* **Work instruction**:
Give the lines again exactly as they appear below, from the line with "碳膜電阻主要是在陶瓷棒上形成" to the line with "Estrutura craniana de", both included, and only those lines. Leave every picture out.

* **Records for the exercise**:
--- START ---

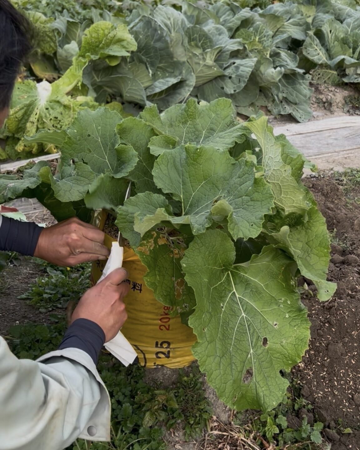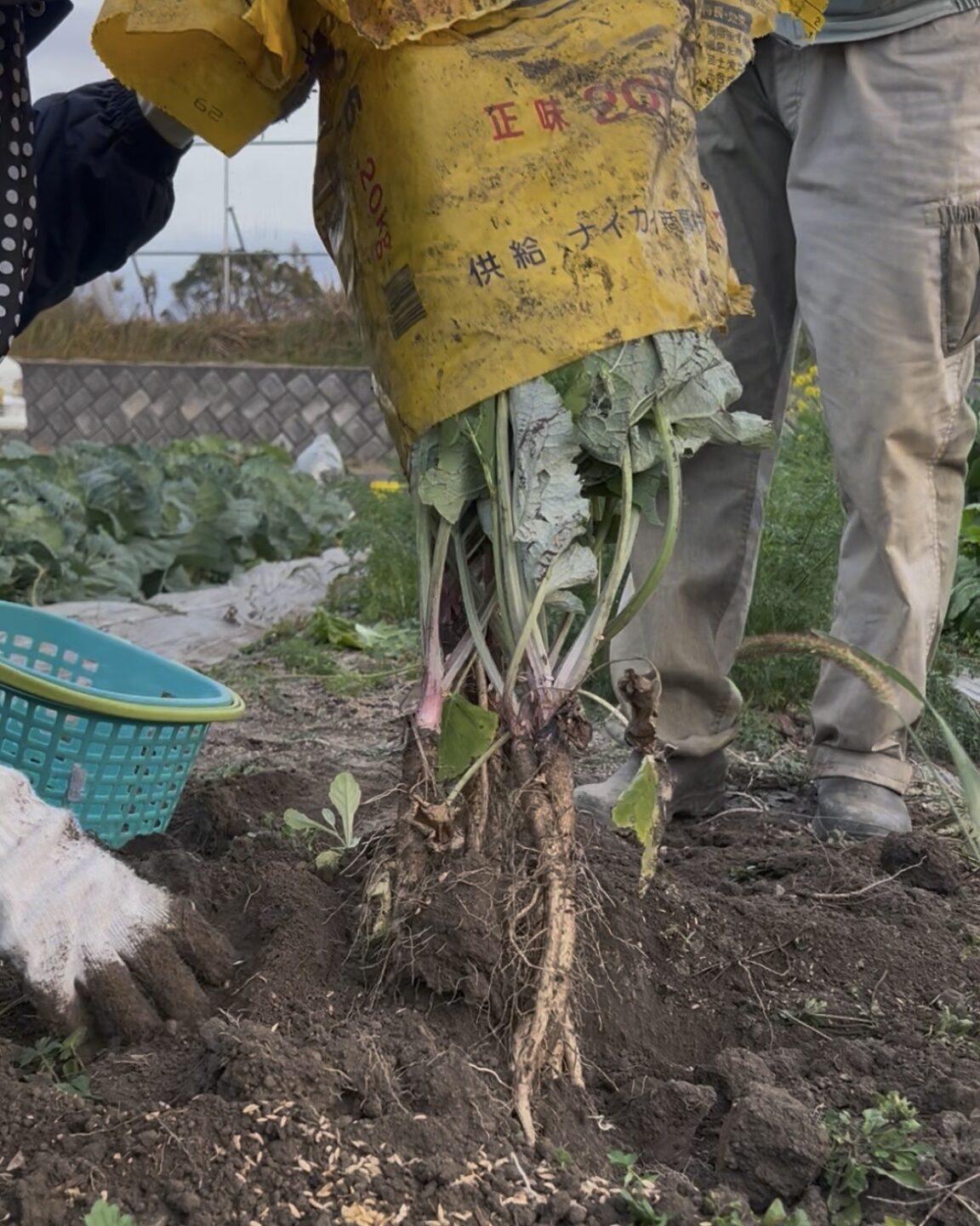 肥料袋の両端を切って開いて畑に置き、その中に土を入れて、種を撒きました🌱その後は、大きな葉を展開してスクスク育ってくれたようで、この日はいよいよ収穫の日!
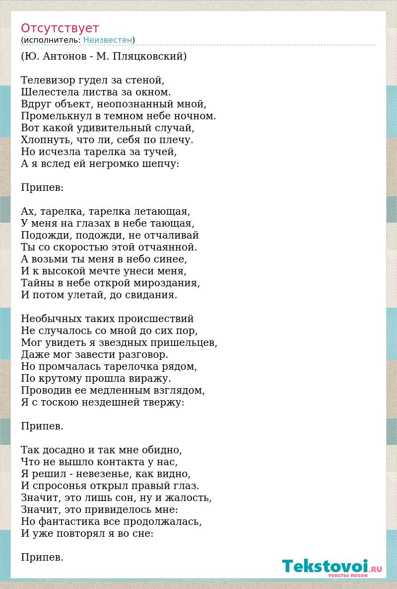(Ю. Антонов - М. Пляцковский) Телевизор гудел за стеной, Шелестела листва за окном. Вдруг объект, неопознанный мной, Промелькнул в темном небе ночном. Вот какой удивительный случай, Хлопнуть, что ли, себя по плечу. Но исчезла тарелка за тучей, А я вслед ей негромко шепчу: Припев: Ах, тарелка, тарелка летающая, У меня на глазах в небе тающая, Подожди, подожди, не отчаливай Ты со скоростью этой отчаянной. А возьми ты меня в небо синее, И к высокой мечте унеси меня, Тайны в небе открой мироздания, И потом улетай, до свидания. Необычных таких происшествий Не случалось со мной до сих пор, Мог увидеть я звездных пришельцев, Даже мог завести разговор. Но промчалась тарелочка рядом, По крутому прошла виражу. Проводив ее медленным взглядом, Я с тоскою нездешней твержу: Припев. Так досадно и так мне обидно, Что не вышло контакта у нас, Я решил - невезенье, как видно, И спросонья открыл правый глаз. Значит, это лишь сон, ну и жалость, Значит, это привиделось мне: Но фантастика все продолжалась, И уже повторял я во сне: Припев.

--- END ---
--- START ---

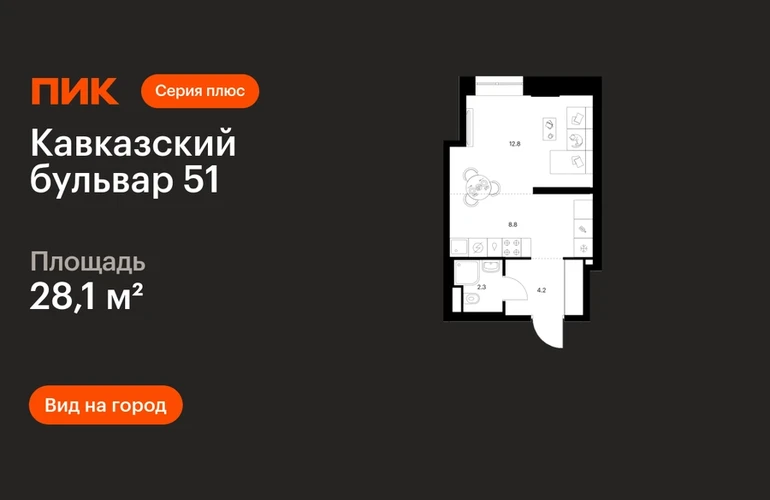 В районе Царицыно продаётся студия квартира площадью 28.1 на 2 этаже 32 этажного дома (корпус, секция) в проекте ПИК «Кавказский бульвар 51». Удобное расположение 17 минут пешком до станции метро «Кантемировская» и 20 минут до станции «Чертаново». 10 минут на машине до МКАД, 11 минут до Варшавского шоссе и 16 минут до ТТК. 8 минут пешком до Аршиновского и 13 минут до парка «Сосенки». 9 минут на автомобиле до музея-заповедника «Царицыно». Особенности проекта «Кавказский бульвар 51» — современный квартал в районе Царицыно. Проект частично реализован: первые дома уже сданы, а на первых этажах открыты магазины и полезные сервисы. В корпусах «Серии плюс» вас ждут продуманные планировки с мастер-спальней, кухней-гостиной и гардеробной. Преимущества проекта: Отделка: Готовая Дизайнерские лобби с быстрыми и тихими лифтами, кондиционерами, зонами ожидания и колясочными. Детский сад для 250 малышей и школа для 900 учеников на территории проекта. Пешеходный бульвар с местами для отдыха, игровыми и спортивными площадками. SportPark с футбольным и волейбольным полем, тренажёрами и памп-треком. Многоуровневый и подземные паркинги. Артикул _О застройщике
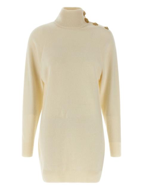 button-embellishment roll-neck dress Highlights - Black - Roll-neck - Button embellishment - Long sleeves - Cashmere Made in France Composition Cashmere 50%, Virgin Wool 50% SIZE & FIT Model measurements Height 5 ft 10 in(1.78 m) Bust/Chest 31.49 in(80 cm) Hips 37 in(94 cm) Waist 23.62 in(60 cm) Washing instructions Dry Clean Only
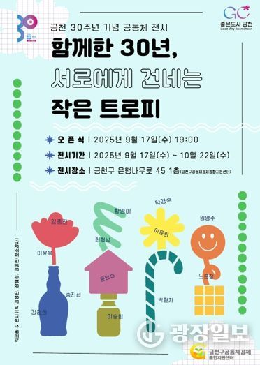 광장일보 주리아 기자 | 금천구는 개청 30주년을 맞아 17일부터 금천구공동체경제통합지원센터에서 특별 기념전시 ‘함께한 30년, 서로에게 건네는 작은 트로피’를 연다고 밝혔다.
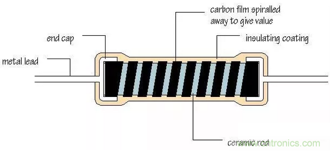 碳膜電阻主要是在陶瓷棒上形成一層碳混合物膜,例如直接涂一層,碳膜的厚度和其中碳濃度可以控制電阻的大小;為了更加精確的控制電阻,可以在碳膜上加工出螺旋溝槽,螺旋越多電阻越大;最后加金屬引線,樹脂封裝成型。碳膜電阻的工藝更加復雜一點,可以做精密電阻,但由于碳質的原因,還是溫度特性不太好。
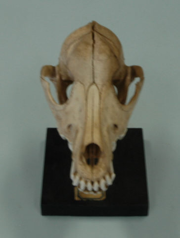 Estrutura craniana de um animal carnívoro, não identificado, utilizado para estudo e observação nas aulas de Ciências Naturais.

--- END ---

* **Answer for this exercise**:
 碳膜電阻主要是在陶瓷棒上形成一層碳混合物膜,例如直接涂一層,碳膜的厚度和其中碳濃度可以控制電阻的大小;為了更加精確的控制電阻,可以在碳膜上加工出螺旋溝槽,螺旋越多電阻越大;最后加金屬引線,樹脂封裝成型。碳膜電阻的工藝更加復雜一點,可以做精密電阻,但由于碳質的原因,還是溫度特性不太好。
 Estrutura craniana de um animal carnívoro, não identificado, utilizado para estudo e observação nas aulas de Ciências Naturais.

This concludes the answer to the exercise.